The 1996 announcement of a potential link between vCJD in humans and BSE in cattle elevated BSE-related concerns and shifted them from an animal health issue to a human health issue, resulting in significant feed regulations being imposed, particularly aimed at meat and bone meal (MBM). In August 1997, the U.S. Food and Drug Administration (FDA) implemented a regulation prohibiting the use of mammalian protein, primarily MBM, in the manufacture of ruminant feeds. These mammalian protein sources were excluded from feed because the suspected infective abnormal prions are thought to be transmitted in MBM rendered from infected cattle.

U.S. MBM prices declined by half over the next two years, from a high of $431 per ton in April 1997, attained in part due to drought conditions in 1996 that drove grain prices to record highs, to a low of $187 per ton in March 1999. In the summer of 1997, there was segmentation of the MBM market into two markets, porcine-derived (primarily from hogs, horses, and other non-ruminant
animals) and ruminant-derived MBM. Porcine MBM averaged a premium of $15.78 per ton over the period January 1998-December 2003, just before discovery of the first U.S. case of BSE.

1997 FDA estimates indicated that the ban would ultimately cost the U.S. private sector approximately $53 million per year, reflecting $44 million in direct compliance costs to beef, rendering, and byproduct industry sectors, $171 million in lost value of products to the rendering industry (primarily a decline in value of MBM), and a gain of $163 million, through lower feed costs, to producers of non-ruminant animals. In 2002 had the narrowest price spread between porcine and ruminant MBM since reporting of the two price series began. MBM prices had recov-ered somewhat by 2003, with prices reaching a high of $395 in November.

 In late December 2003 and January 2004, both the FDA and the USDA’s Food Safety and Inspection Service (FSIS) imposed additional regulations to prevent the spread of BSE to humans and animals.These proposed rules were followed by an FDA rule announced in October 2005 that proposed to prohibit the use of certain cattle origin materials in the food or feed of all animals.

  In January 2004, MBM prices dropped to $173 in response to the U.S. BSE confirmation. But by April 2004, MBM prices had recovered to a peak of $397 per ton. The regulations FDA posted during summer 2004 sent MBM prices into another decline, reaching a low of $187 per ton in October 2004.

The increased use of these increased supplies of distillers’ grains would likely have offsetting effects on any increases in the prices of other protein feeds stemming from regulatory restrictions on MBM use.

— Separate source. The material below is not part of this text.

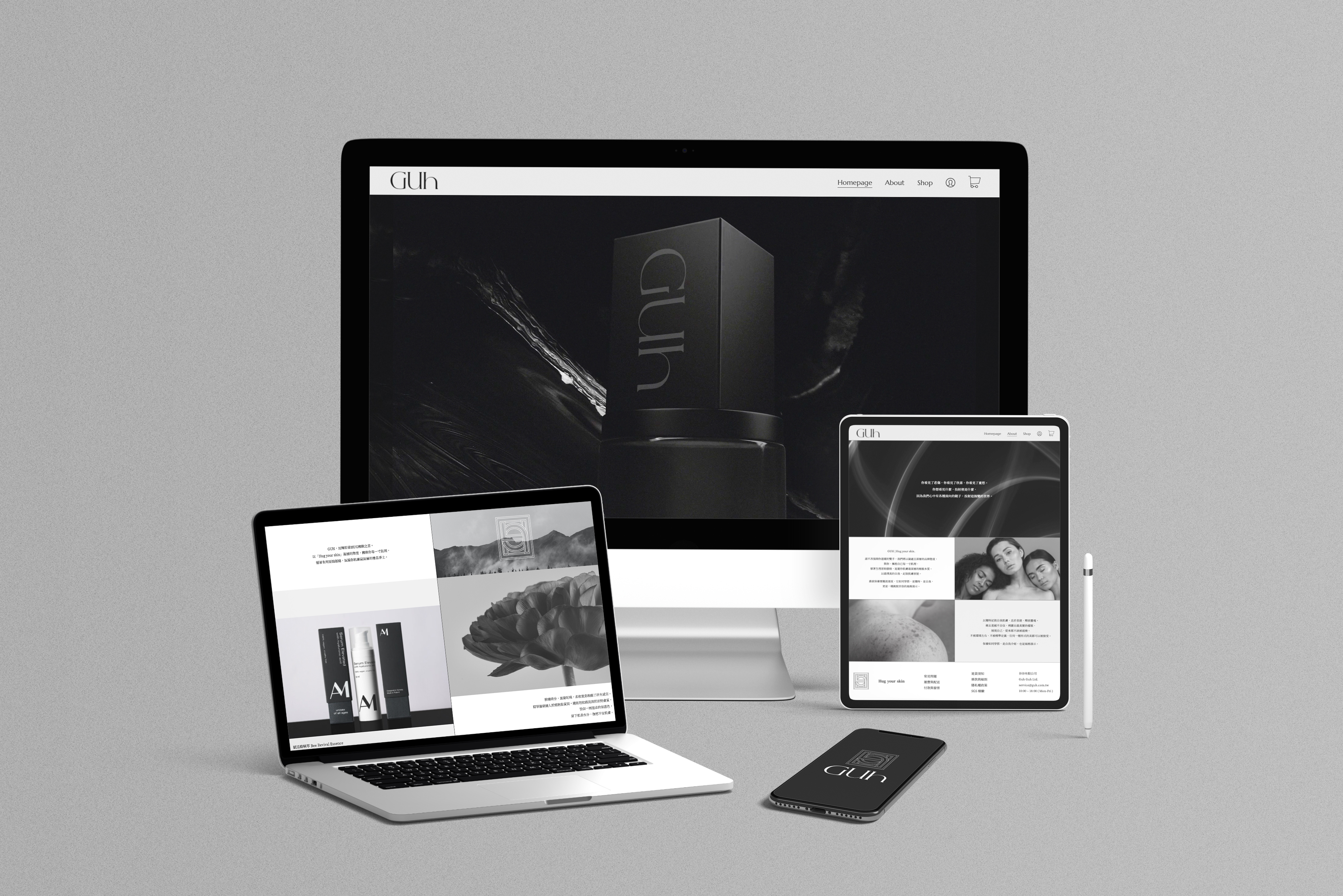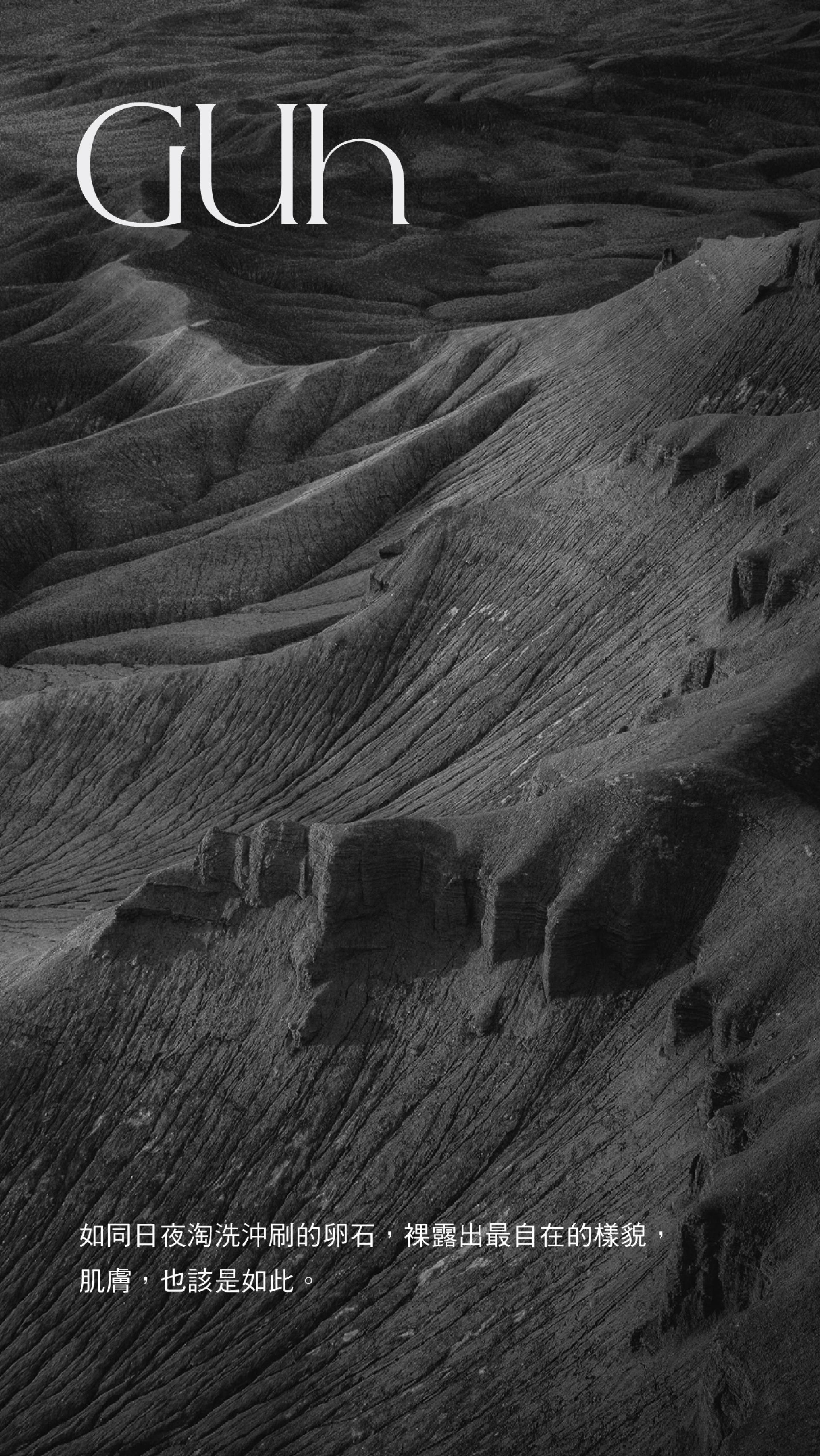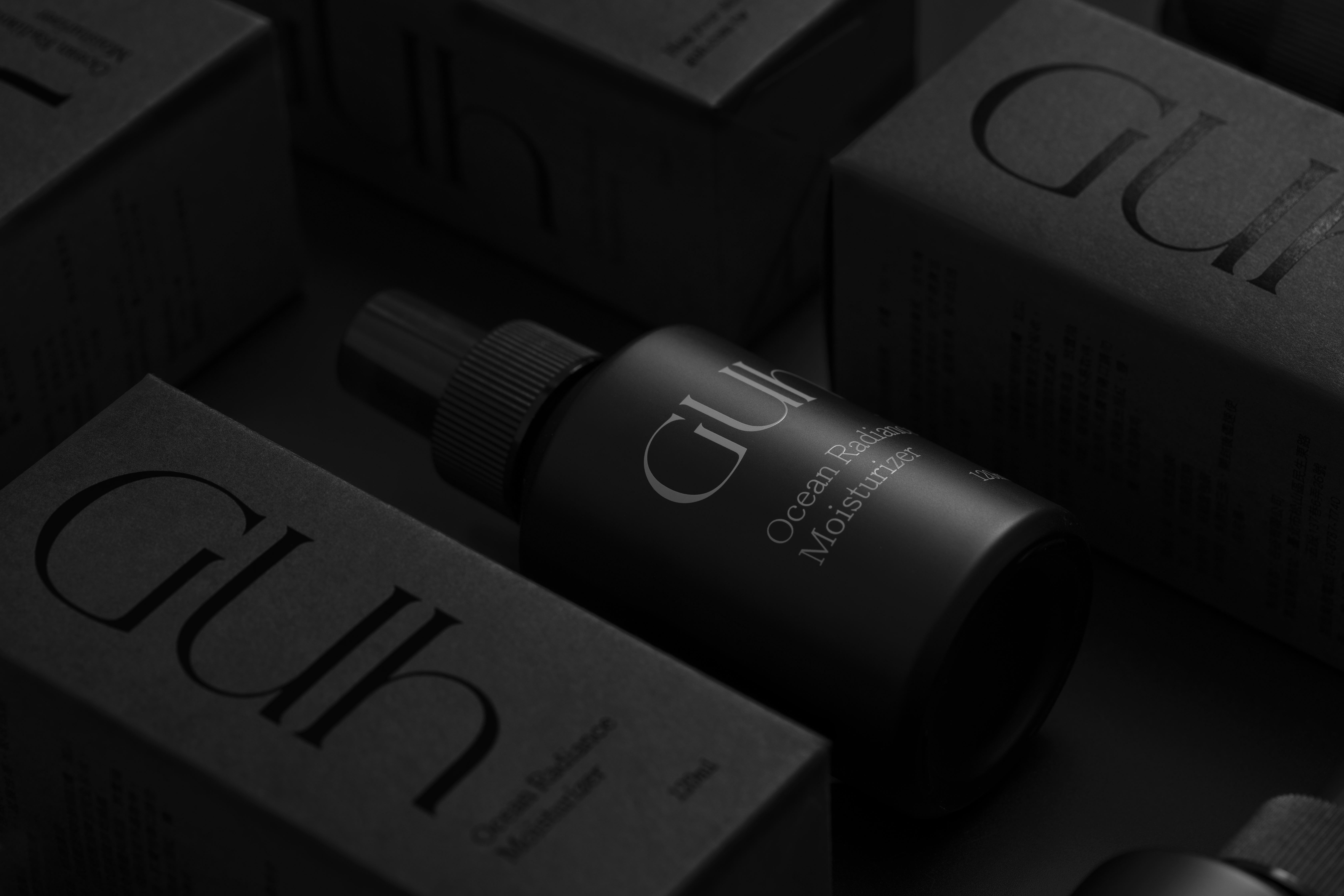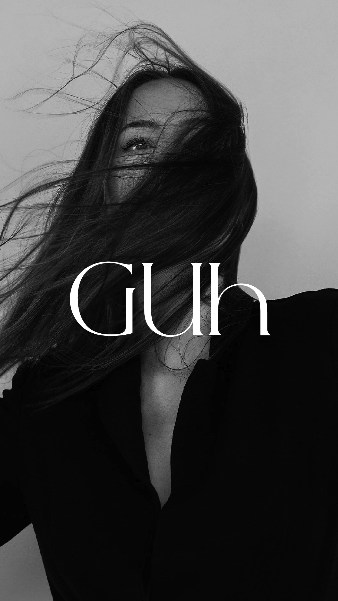 標誌以 「 G、U、H 」 三個英文字母交互纏繞合為一體,彼此相互擁抱亦傳遞出品牌之核心理念 - Hug your skin,無關人種膚色、性別、年齡與性取向,都應該褪去他人所給予的框架,回歸、擁抱天然獨特的自我。標準字以彎曲弧度表達女性溫柔和緩一面,末端襯線設計較銳利,則象徵女性其堅毅獨立一面。

Those regulatory measures announced by both FDA and FSIS required slaughterhouses to remove additional products from cattle and implicitlychallenged industries to find new uses for or means to dispose of materials on the expanded list of cattle materials prohibited from animal feeds (CMPAFs, formerly SRMs, or specified risk materials) and other materials banned from human or animal consumption. As a result, production costs increased and revenues declined for producers and processors of beef products and byproducts.

Coffey et al. estimated that per animal costs of feeding a beef steer would increase from $18.51 (includes $4.50 for increased feed costs from substitution effects for a ruminant protein to any farmed animal) to $23.61 (includes $9.60 for increased feed costs from substitution effects for a ban against feeding any animal protein to any farmed animal).

Additionally, increased restrictions on feed ingredients have introduced another round of disposal issues and costs. For example, renderers, who once picked up dead animals for free, become less inclined to pick up animals that cannot be rendered or will pick them up only at costs estimated at $100 or more per head. Disposal of additional CMPAFs becomes an issue for packers, renderers, incinerators and landfills in terms of increased costs and environmental concerns. Additional disposal costs for a 1,000-pound animal from which CMPAFs can no longer be removed are estimated at $18.75 per head. Estimates of increased costs of expanded CMPAF regulations, which include costs of disposing of CMPAFs, range from $2.16 per head (cattle under 30 months old) to $6.77 per head for older animals.